In a rare decision granting a petitioner’s request for rehearing, a twice-expanded panel of the Patent Trial and Appeal Board (PTAB or Board) reversed its earlier decisions denying institution of the inter partes review (IPR) proceeding and joinder with the petitioner’s earlier IPR proceeding. In doing so, the Board clarified that it is permissible to allow joinder of additional grounds by the same party. Target Corp. v. Destination Maternity Corp., Case IPR2014-00508 (PTAB, Sept. 25, 2014) (Green, APJ) (Fitzpatrick, APJ, dissenting). 

After filing an initial IPR petition in 2013, Target filed a second IPR petition after the § 315(b) one-year bar date had run.  The second petition, however, was filed within one month of the Board’s institution of the first IPR proceeding and was accompanied by a Motion for Joinder with that earlier proceeding.  In response to the Board’s concern with the issue of timing and potential effect on the existing schedule, the petitioner filed a Motion to Limit the Petition to simplify the issues presented and thereby facilitate joinder and minimize the burden on the patent owner. The petitioner’s new grounds focused on a foreign publication, which the petitioner contended was known to the patent owner and which had been requested from the patent owner in connection with federal court discovery, but which was withheld from the petitioner until after the first IPR petition had been filed and the § 315(b) bar date had posted.

In initially denying joinder, the Board construed the controlling statute, 35 U.S.C. § 315(c), and reasoned that because Target was already a party to the earlier-filed IPR proceeding, it could not be joined to that proceeding.  The denial of joinder resulted in the petition being time-barred under § 315(b).

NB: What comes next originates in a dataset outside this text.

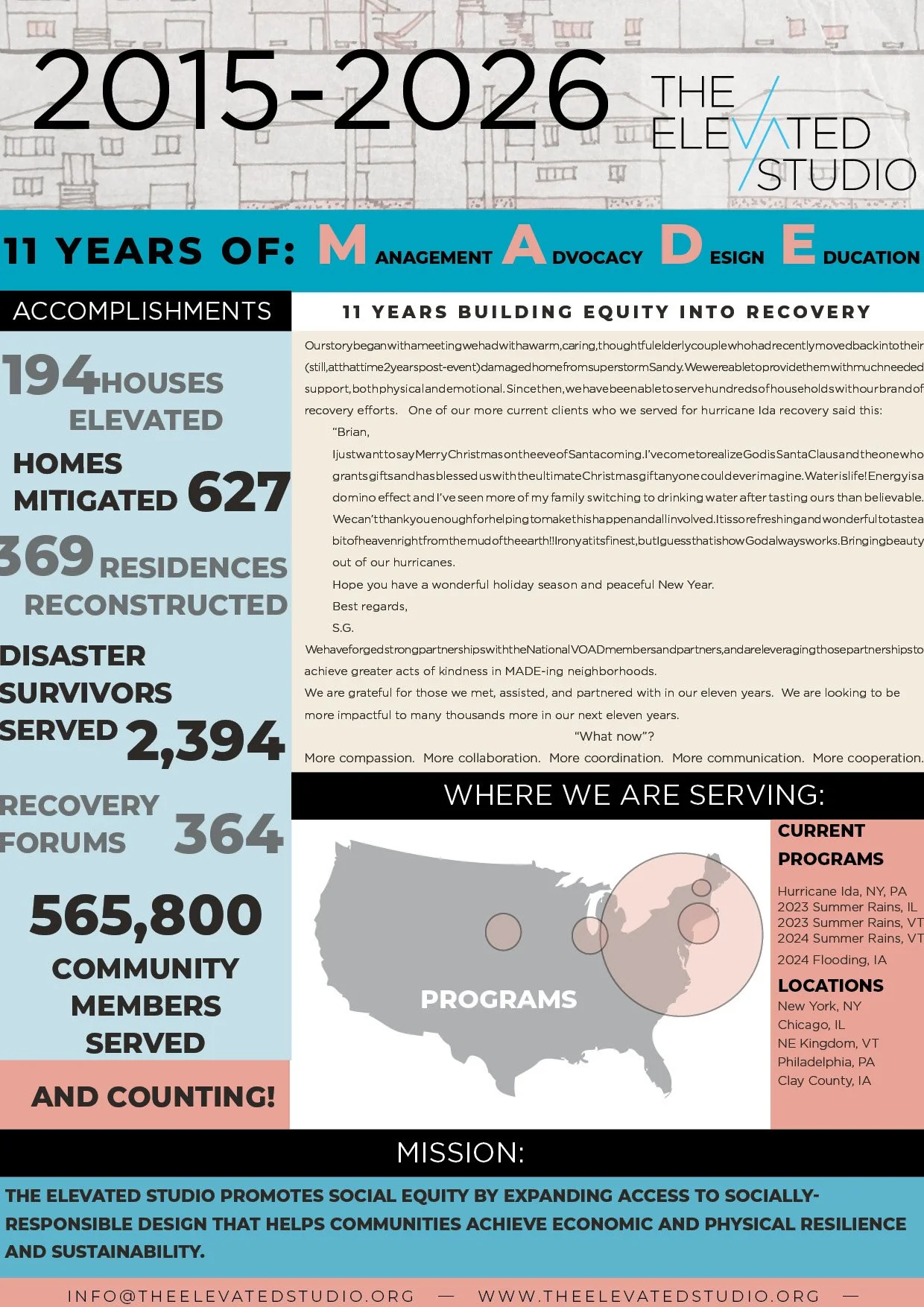 We believe that every member of a community should have access to and benefit from socially responsible design. We believe that social, economic, and physical resilience and sustainability are intertwined and must be within reach to all.

In granting the rehearing request, the expanded panel of the Board agreed with the petitioner that the initial denial of joinder was based on an “erroneously narrow interpretation” of the joinder statute. According to the majority, the joinder statute allows the director to join “any person who properly files a petition under § 311 [i.e., the statue authorizing inter partes review].”  Since § 311 only excludes the patent owner from filing an IPR petition, the majority reasoned that Congress had only excluded the patent owner and not a petitioner in an already instituted review proceeding. The Board, noting that the word “any” in the statute may be defined as “one or more without specification of identification,” explained it was unclear why Congress would have used “any person” in the joinder statute if it meant to exclude joining the same petitioner to an instituted IPR. 

The dissent—which consisted of the three members of the initial panel—argued that majority’s decision essentially rewrote two subsections of § 315, read past the most relevant provision of the Congressional Final Committee Report of the America Invents Act, misinterpreted “ambiguous” statements by a single member of Congress (Senator Kyl), relied on non-binding prior Board decisions, and relied on the Board’s rules and the Office Patent Trial and Practice Guide instead of the binding federal statute. The dissent further argued that the majority read § 315(c) as if it granted discretion for the Board to act in any way not expressly prohibited by the statute, but it interpreted the statute instead to grant discretion for the Board to act only in ways that are stated expressly in the statute.  The stage may now be set for the U.S Court of Appeals for the Federal Circuit to weigh in on the issue.